The Treasure in the Trash
Over the last couple of weeks, I have given a very brief description of a few of the many vast and differing tattoo styles. Each and every one can exist as its own blog topic, and over the course of my apprenticeship at Speakeasy Tattoo I will take time here and there to go into more detail. So, here is a technique that definitely deserves a much more in depth description. The technique I am referring to is Trash Polka.
Throughout art history we have seen a journey and behavior of expression that forms. One of the most beautiful things about studying the history of tattoo is seeing how it maintains a relevance in the practice of fine art. Just as fine art has followed a lineage, so does the art of tattoo. From prehistoric cave paintings to the renaissance, modernism, all the way to pop art and performance pieces; tattoo art has transitioned from tribal, to traditional, neo traditional, and into trash polka, just to name a few.
The Trash Polka style is one that stands apart from many others in a crowd. This unique and singular tattoo style displays the convergence of the many tattoo styles and an evolution in the tattoo world mimicking the path of fine art. Trash Polka can be compared to the movement of pop art and collage work. This style was first devolved at Buena Vista Tattoo Club in Würzburg, Germany by Simone Plaff and Volko Merschky. This style combines smudges and realistic images in kinetic landscapes that generate a dissonant but intriguing piece. Valco has said that this style is “realism and trash; the nature and the abstract; technology and humanity; past, present, and future; opposites that they are trying to urge into a creative dance to harmony and rhythm in tune with the body”. The color palette for Trash Polka is extremely limited with only the use of bold black and red. And, much similar to Champagne only being from Champagne France, true Trash Polka can only come out of the Buena Vista Tattoo Club. Of course, many artist are beginning to imitate this style and will build upon and reconstruct from this technique eventually causing a metamorphose into another art form to be studied.

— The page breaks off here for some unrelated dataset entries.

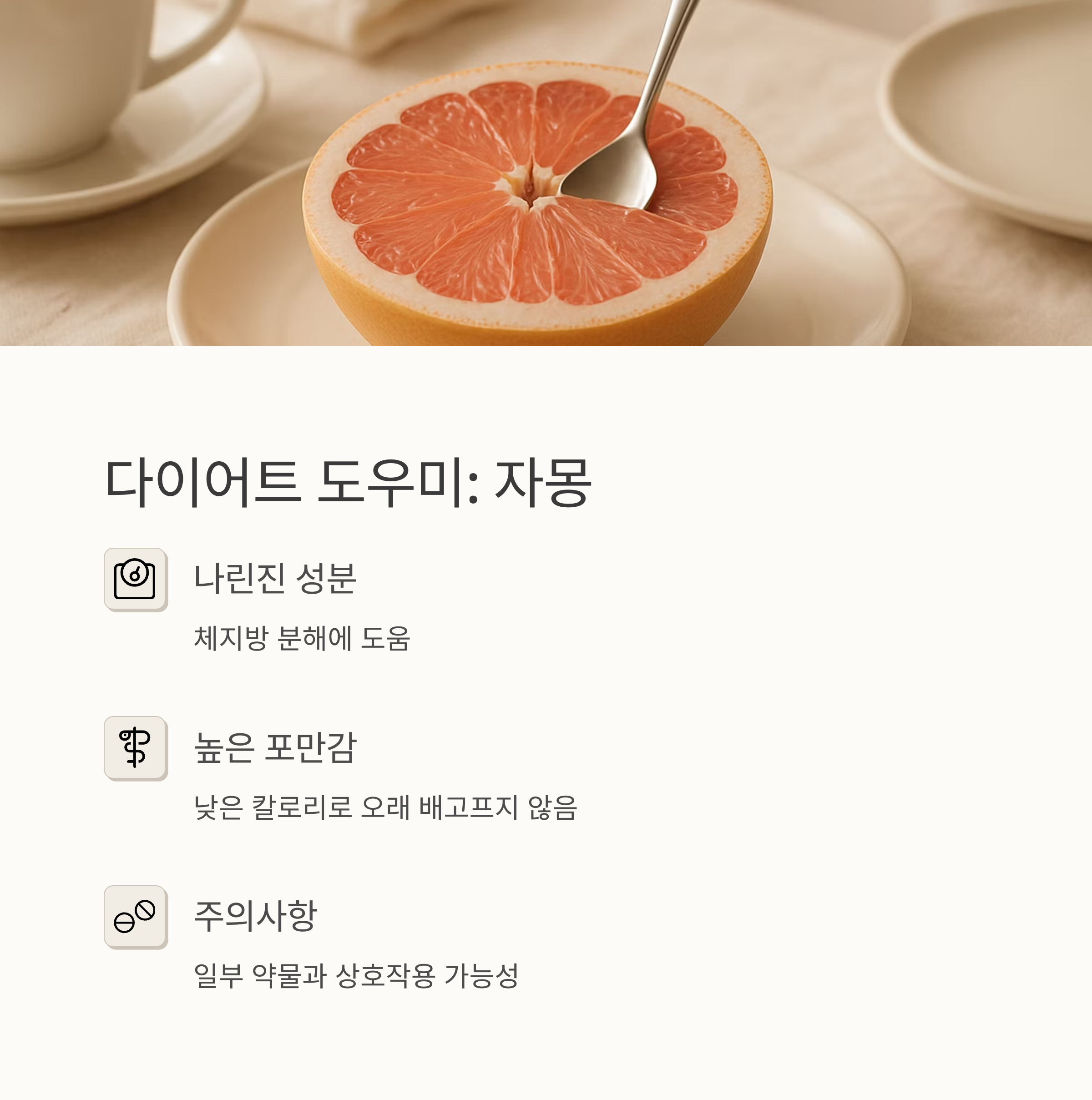 다이어트에 관심이 많다면 자몽을 추천해요. 자몽에 들어있는 나린진 성분이 체지방 분해에 도움을 준다고 하더라고요. 칼로리가 낮으면서 포만감도 높아서 다이어트 식단에 딱인데, 단, 몇몇 약과는 상호작용이 있을 수 있다고 하니 약을 드시는 분들은 꼭 확인해 보셔야 해요. 저는 아침에 자몽 반 개 정도 먹으면 점심까지 허기가 느껴지지 않더라고요!
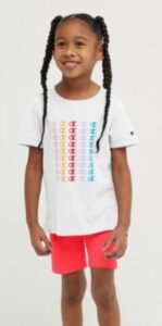 Champion | White Repeat Logo Tee & Stone Red Bike Shorts – Girls – $17.99 (reg. $26)
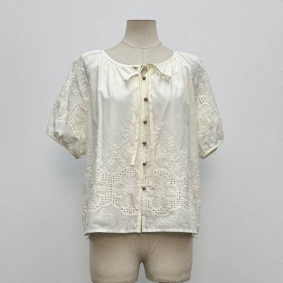 French Embroidered Tie-up Short Sleeve Top Vintage Hollow Round Neck Loose Slim Shirt

There are a couple of things to think about in considering a tattoo in this style. Red and black ink tend to fade very easily. One of the main draws to Trash polka style is that It is meant to have a very “fresh” look. These very graphic and bold tattoos are to be seen as if they are just freshly tattooed. Trash Polka is such a newly developed technique that it is yet to be seen how these tattoos will hold up after ageing. As with any tattoo, but especially with Trash Polka, use lots and lots of sunscreen. There is no point in spending a ton of cash to get a really epic tattoo if you are just going to let it fade away by something you can easily control. Also, true Trash Polka is a conglomeration or collage of many different elements and ideas. Which means, each idea behind a certain image may not fit together with something else in the same tattoo. Hence, the trash part of the name. So, this may make it difficult to place a lot of meaning behind the totality of the tattoo. Remember, the point is that, it is a bit of trash thrown together. All and all though, any good artist can design a Trash style tattoo where all the elements ultimately define the overall image.
This design that is featured is my own take on Trash Polka style. Although I did try to maintain a running theme. It contains the elements of a tiger, alongside a warrior with the Japanese rising sun and a little Kanji calligraphy meaning virtue and goodness.
No matter what style you choose, you should want it to be timeless. This technique tends to be both loved and hated. As always, with research and time you will find the perfect tattoo that is meant for your skin.